NIH expands its program for breaking medical mysteries

21:53
NIH expands its program for breaking medical mysteries -

An effort at the US National Institutes of Health (NIH) to diagnose mysterious ailments is expanding. Representatives of the Undiagnosed Diseases Program (UDP), administered by the Institute (NHGRI) of the NIH National Human Genome Research, announced today that six medical centers will join the program, the formation of a network of clinical sites to investigate on refractory cases of patients across the country. The program aims to provide patients with a diagnosis and treatment as sometimes waited while building data for scientists studying the genetic basis of rare diseases

The new sites-Baylor College of Medicine. Harvard teaching hospitals (Boston children, of Brigham and Women, and the Massachusetts General); Duke University; Stanford University; the University of California, Los Angeles; and the Centre will Vanderbilt University Medical each receive a 4-year grant of approximately $ 7.2 million to participate. As the NIH Clinical Center in Bethesda, Maryland, who served as a pilot site, the centers host the patients for about a week at a time, performing many clinical tests and genetic sequencing to search for an explanation of their symptoms.

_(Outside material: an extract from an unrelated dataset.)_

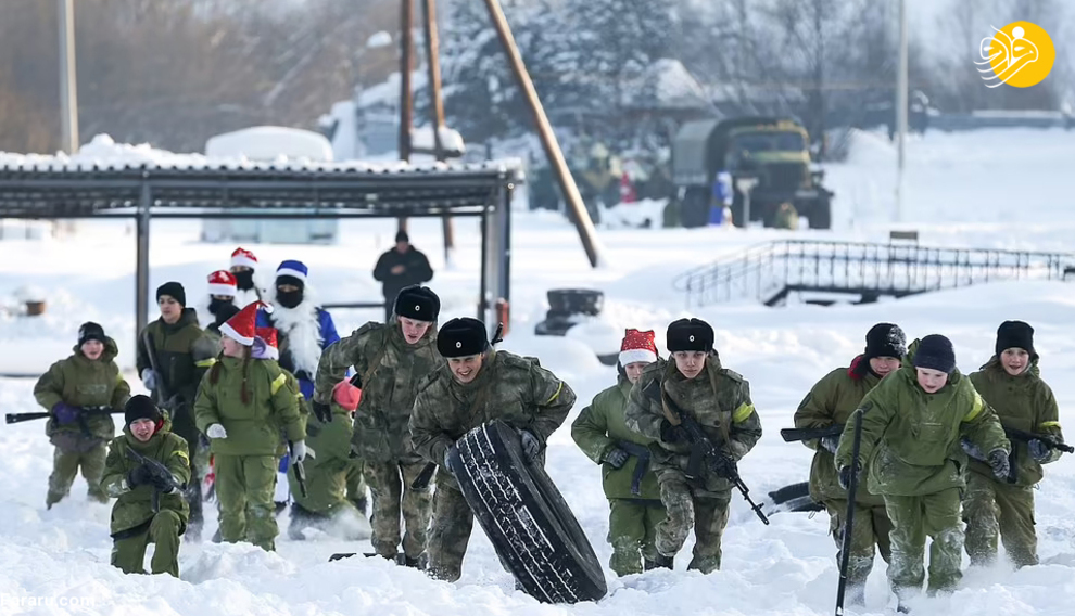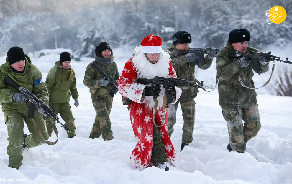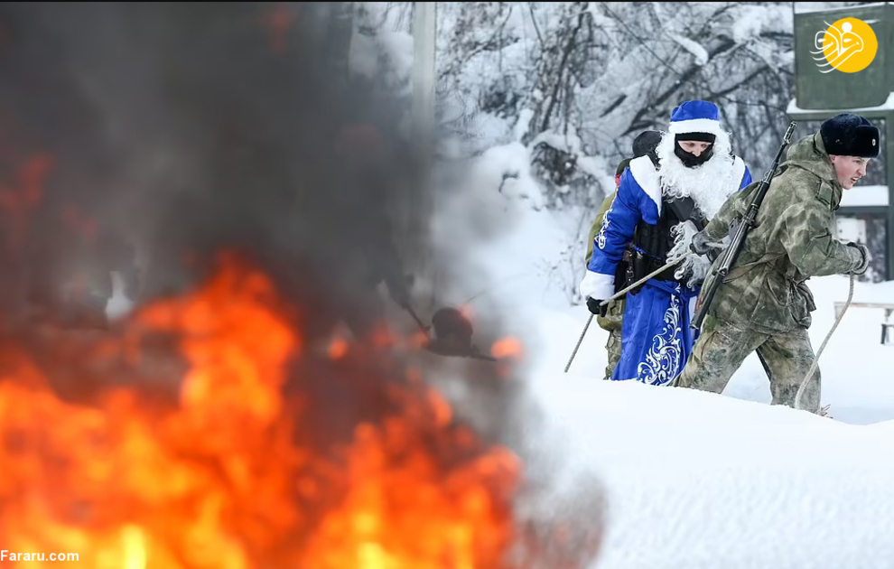 نیروهای گارد ملی روسیه در جریان یک تمرین نظامی لباس بابانوئل به تن کرده و با تفنگهای خود شلیک کردند. بابانوئل در روسیه به پدر موروز معروف است، شخصیتی شبیه بابانوئل که معمولا لباسهای قرمز و گاهی آبی میپوشد. این رزمایش در سیبری برگزار شد.

Harvard Medical School in Boston, who received an award of $ 9 million in January to act as a "focal point" facilitate collaboration between researchers and will make the data widely available to patients through public deposits such as the NIH database of genotypes and phenotypes, said Anastasia Wise, director of the genomic medicine NHGRI Division, at a press conference today .

since the program launched in May 08, he received requests for about 30 patients, 750 who were selected for the study. "There was never a shortage of references to the program," said UDP Director William Gahl today. (Indeed, in 2011, the program temporarily stopped accepting applications to catch the flood of inquiries.) The roadmap program for medical sleuthing depends on how you define a diagnosis, Gahl said. Between 25% and 50% of cases are considered "solved" based on clinical diagnosis, molecular, biochemical or so about a quarter are closed without reply. "You can see that this is hard work, in which we fail sometimes," he added.

The program now admits about 150 patients a year at the NIH Clinical Center, but plans to host 50 per year to each of the seven sites by summer 2017.